There is incorporation; there is inclusion, there is direct rule, there is coercion.

Said's Egypt had a 'veiled protectorate' for about forty years. His Palestine was a British mandate for about thirty years. Plenty of dialogue occurred between 'natives' and the Imperial power.  

But there is only infrequently an acknowledgement that the colonized people should be heard from, their ideas known. Edward Said, Culture and Imperialism, 

No. There was always an acknowledgment that the smarter or more influential natives be heard from and coopted as far as possible. Said studied Literature. He didn't know shit about History or Politics or Economics.  

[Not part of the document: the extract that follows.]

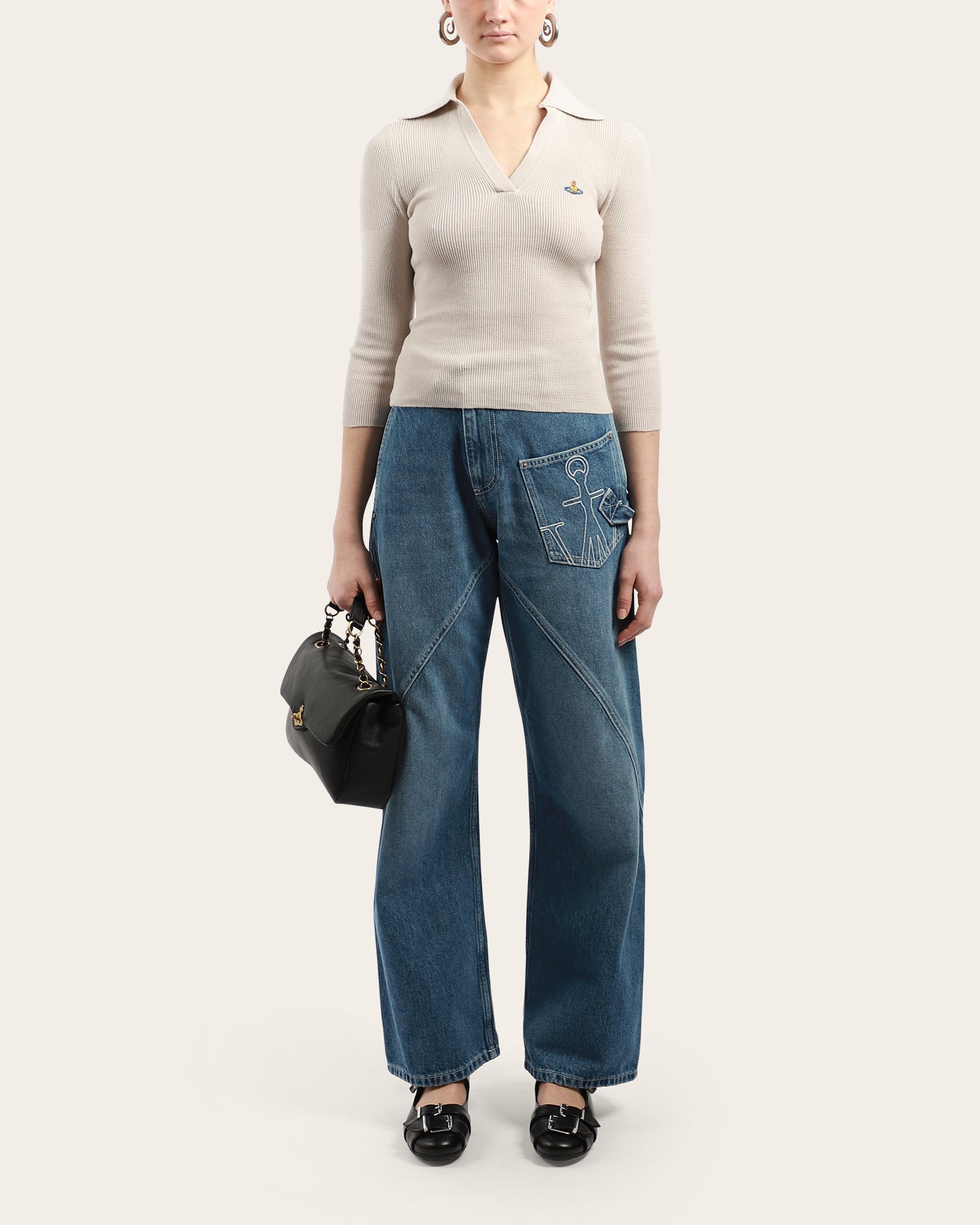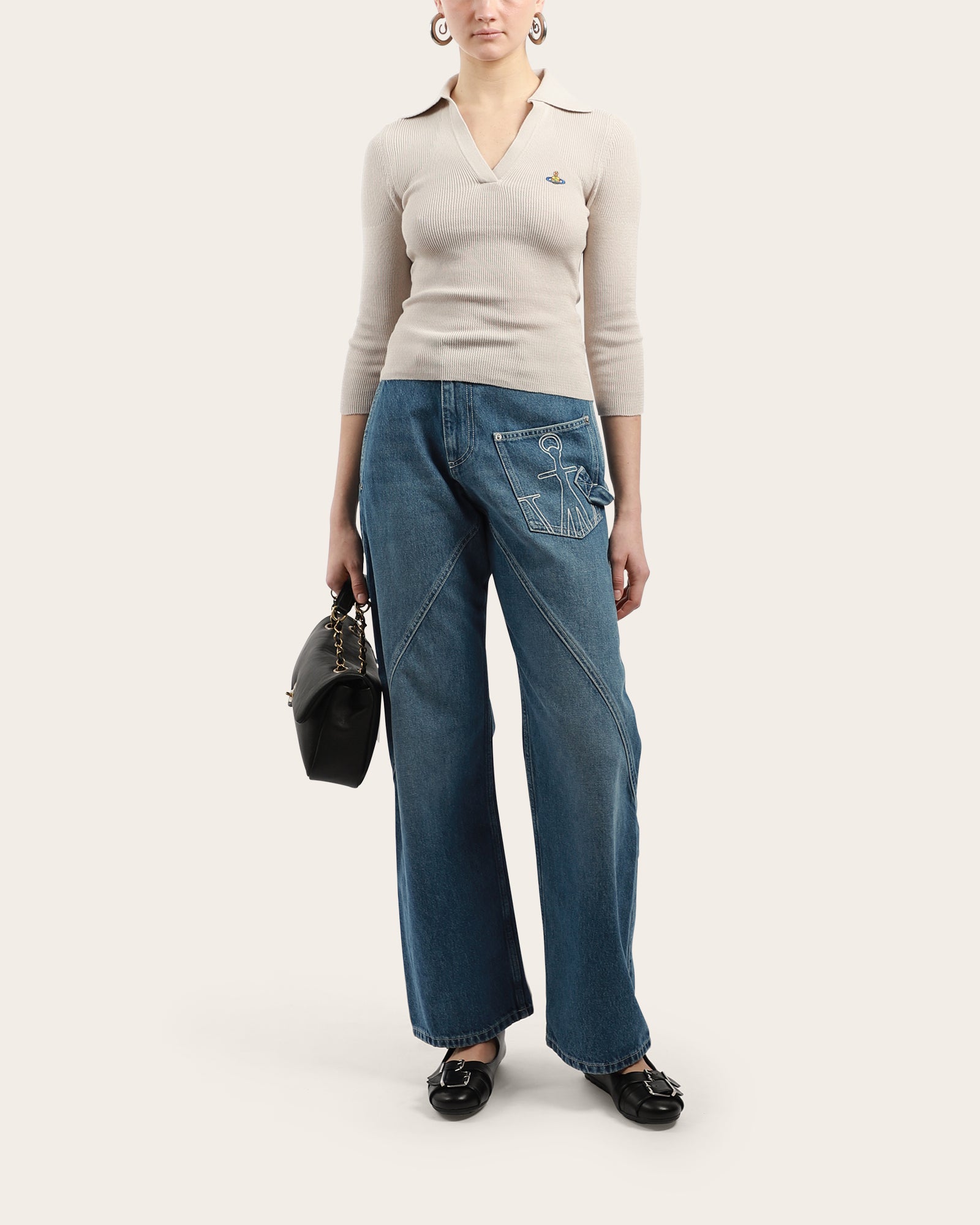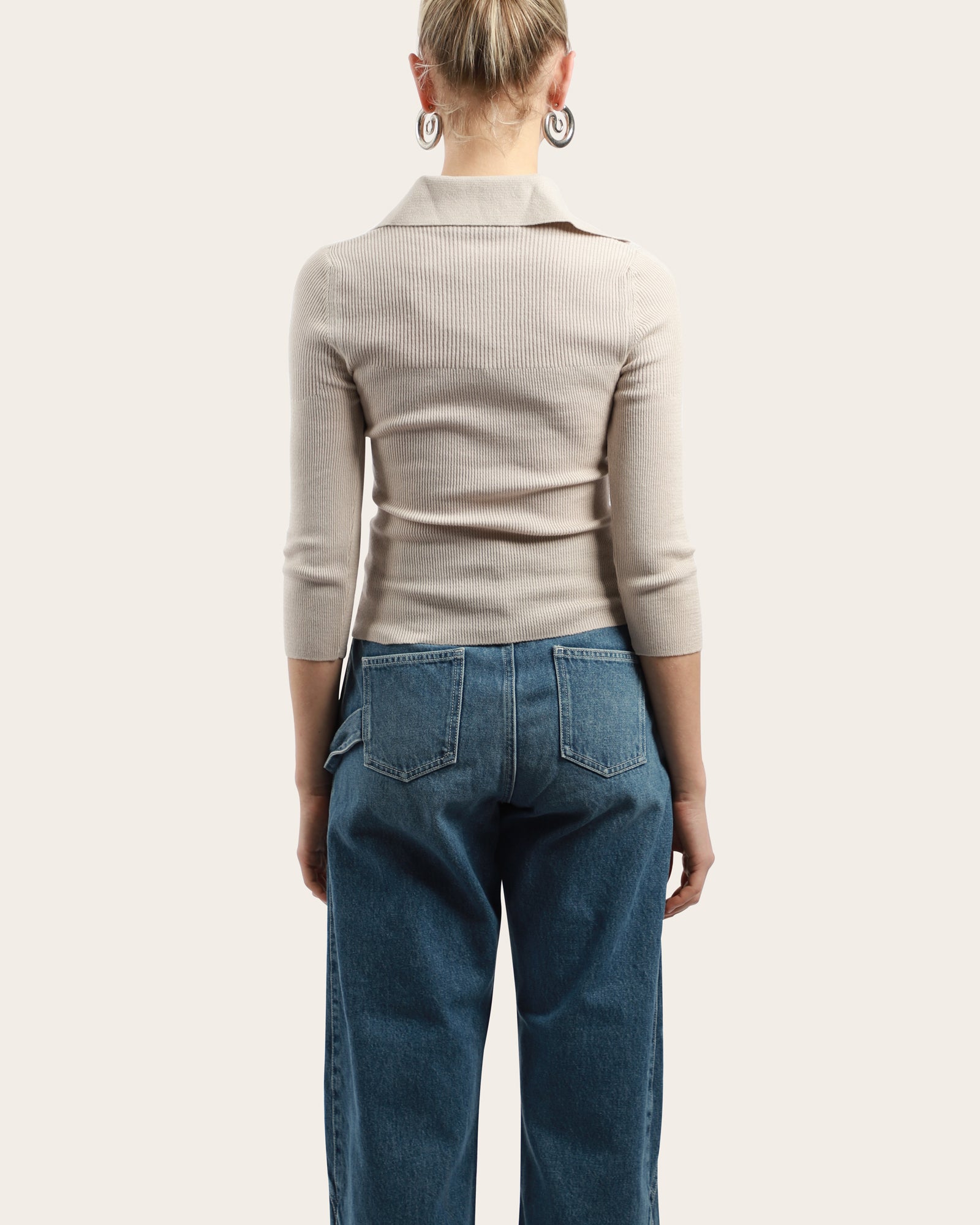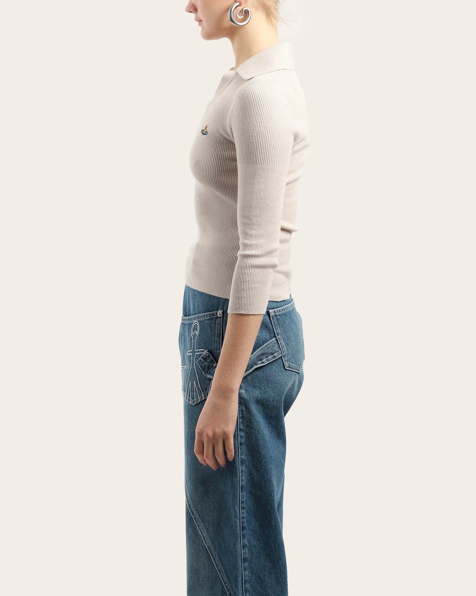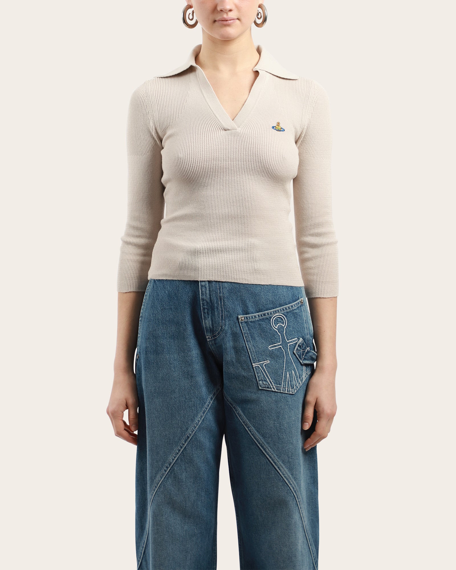This beige ribbed knit top features a sharp open collar, V-neckline, and three-quarter sleeves. Finished with the signature embroidered Orb logo at the chest, it offers a refined yet casual look.

For generations now, philosophers and thinkers who shape the nature of social science have produced theories that embrace the entirety of humanity.

Not in Europe where a clear distinction was made between 'Christendom' and the howling heathens found on other continents. Marx, it must be said, was influenced by the Chartist leader, Ernest Jones, who had been brought up in Germany. This led to his coming to think of his theory as having universal application. 

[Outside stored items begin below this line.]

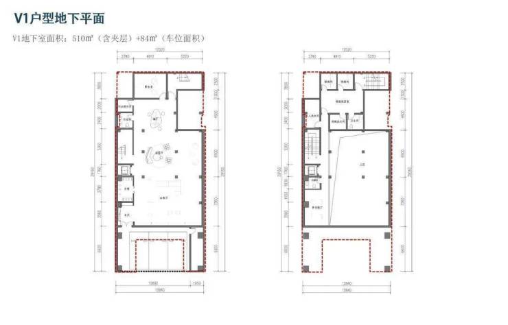 v1户型:地上3层约847平、地下2层约510平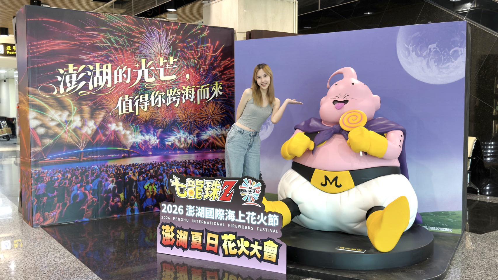 澎湖機場也設置了大型「普烏」公仔,讓大家一下飛機就能感受到花火節的氛圍 ! 後續觀音亭主會場、跨海大橋、山水高地等地也將設置打卡點,七龍珠迷們別錯過 !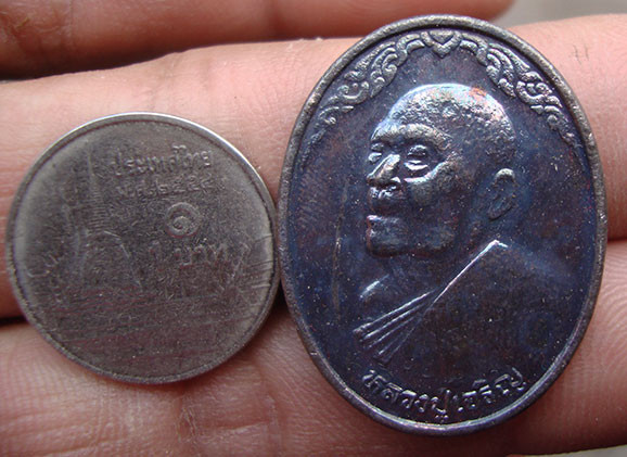 เหรียญผมไม่ทราบที่ครับ ขนาดใหญ่กว่าเหรียญสิบครับ พระบ้านผมเหมามาเยอะ วัดใจเท่าไหนเท่านั้นทุกรายการครับ |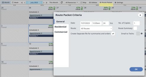 Clicking the "Route Packet" button opens up the Route Packet Criteria where you can customize and create your route packets.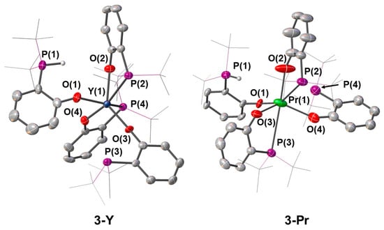 Complex 3-Y crystallised in the P-1 space group, with two of the four phosphorus donors not coordinating to the metal centre, one of which was the protonated phosphorus atom (Figure 4). The Y–P distances were in the range between 3.0963(11) Å and 3.1926(10) Å, a phosphine group unbound [Y···P 3.627(3)–4.5242(9) Å] and the phosphonium centres were also positioned away from the metal centre [Y···PH 4.093(2)–4.2902(14)]. As a result, the overall coordination geometry of this compound was a distorted trigonal prismatic. This solid-state arrangement was similar to that exhibited by 3-Pr (Figure 4), which features a phosphonium P–H bond far from the metal centre [Pr···P(1) 4.040(6)Å—Table 2] and a free phosphine group not-coordinating [Pr···P 3.451(5)]; this gave overall a coordination number of six for the complex and a very distorted octahedral geometry. The only other crystallographically authenticated Pr-phosphine complex was the phosphine-supported anilide [Pr{N(Mes)[C6H3(Me)(PiPr2)]}2(OCP)] reported by Yu and co-workers [44], in which both Pr–P interactions were shorter [Pr–P 3.0647(7) Å and 3.1093(7) Å] than those measured in 3-Pr.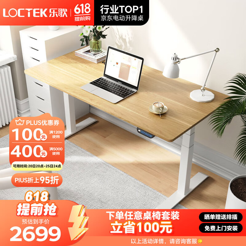 乐歌电动升降桌电脑桌站立办公学习桌写字桌书桌E5-N/1.8m原木色套装价格:2699.00元!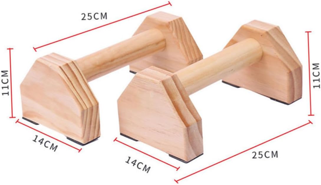 Package List 1 x Pair of Push-up Bracket Features - Size: About 25x14x11cm. - Color: Khaki. -Product Info:Parallel bar fitness machine - Material: Wood. - Put the by your ribs with your facing you to emphasize the triceps or place them wider than your shoulders to put greater emphasis on the fronts of the shoulders. - The bars also help you increase your range of motion, allowing you to into the push-ups push stand holder. - Wood is smooth and wear-resistant, the anti-slip and it has a cushioning effect, and it is durable and strong strength training equipment. - The wrists can be placed straight to increase distance push up frame. - equipment, easy to carry, simple and practical design push up brackets exercise.Goods Informationhome gym accessories Are you bothered by the increasing weight? Admire the good body shape of other people? Don't worry.push up frame You can also have a good figure by doing exercise.bracket fitness equipment The push-up frame we provide here can train your muscle and give you a good body shape gradually if you insist on taking exercise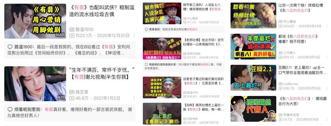 而被影视区UP主集体恶评,又称为“团建”,则难逃“烂剧”的标签,《新鹿鼎记》《有翡》乃至《东八区的先生们》都曾深深地体会到如此“群嘲”。譬如:早期靠着“辛辣毒舌”烂剧秒评风格走红的老邪、路温、三代鹿人、开心嘴炮等一批UP主,便成功吃到了不少影视剧的红利。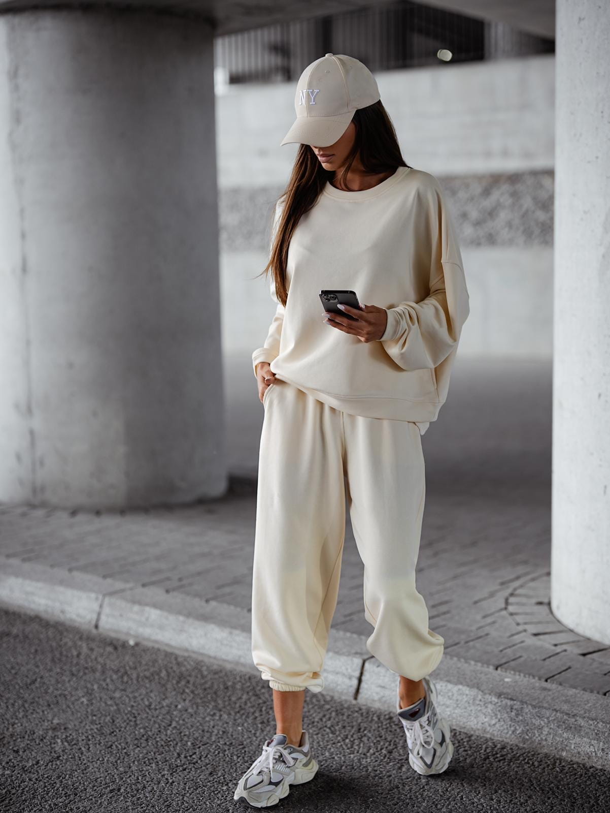 Ten oversize’owy komplet powstał z myślą o kobietach, które żyją w biegu, ale nie chcą rezygnować ze stylu. Miękka dzianina, starannie dobrane kolory i swobodny krój sprawiają, że to idealny zestaw na każdą okazję – spacer po mieście, kawę z przyjaciółką czy codzienne obowiązki.

As we will know, these statements have been produced in relative, and sometimes absolute, ignorance of the majority of humankind—that is, those living in non-Western cultures. […]

Not in the London of Jones and Marx. If you wanted to know about India or Africa, you could find an Indian or an African in your neighborhood who could explain things to you.  

The everyday paradox of third-world social science is that we find these theories, in spite of their ignorance of ‘us’, eminently useful in understanding our societies?

Because, au fond, everything is about economics which features objective functions which can be maximized or minimized.  

What allowed the modern European sages to develop such clairvoyance with regard to societies of which they were empirically ignorant?

Mathematical economics and Statistics.  

Why cannot we, once again, return the gaze? Dipesh Chakrabarty, Provincializing Europe, 

Mahalanobis was Bengali, just like Dipshit. He set up the Indian Statistical Institute- the only 'third world' institution which was directly copied by a Western University. Plenty of smart Bengalis have 'returned the gaze' of the West- to the West's great profit. 

Julian Go's fundamental mistake is to think that 'Postcolonial thought is the intellectual equivalent of the anticolonial movements of the twentieth century that birthed it.

This isn't the case. Postcolonial thought was and is the thought of the people who took over the administration of the countries which ceased to be colonies. It has nothing to do with an academic availability cascade some Professors of useless shite used to gain intellectual affirmative action and thus a nice sinecure on a Western campus. 

 Hence the question: How might social theory survive the invasion?

Social theory turned to shit a long time ago. It became adversely selective of cretins who need to be able to gas on about how they are survivors of horrendous epistemic self-abuse and thus should be granted tenure by way of reparation.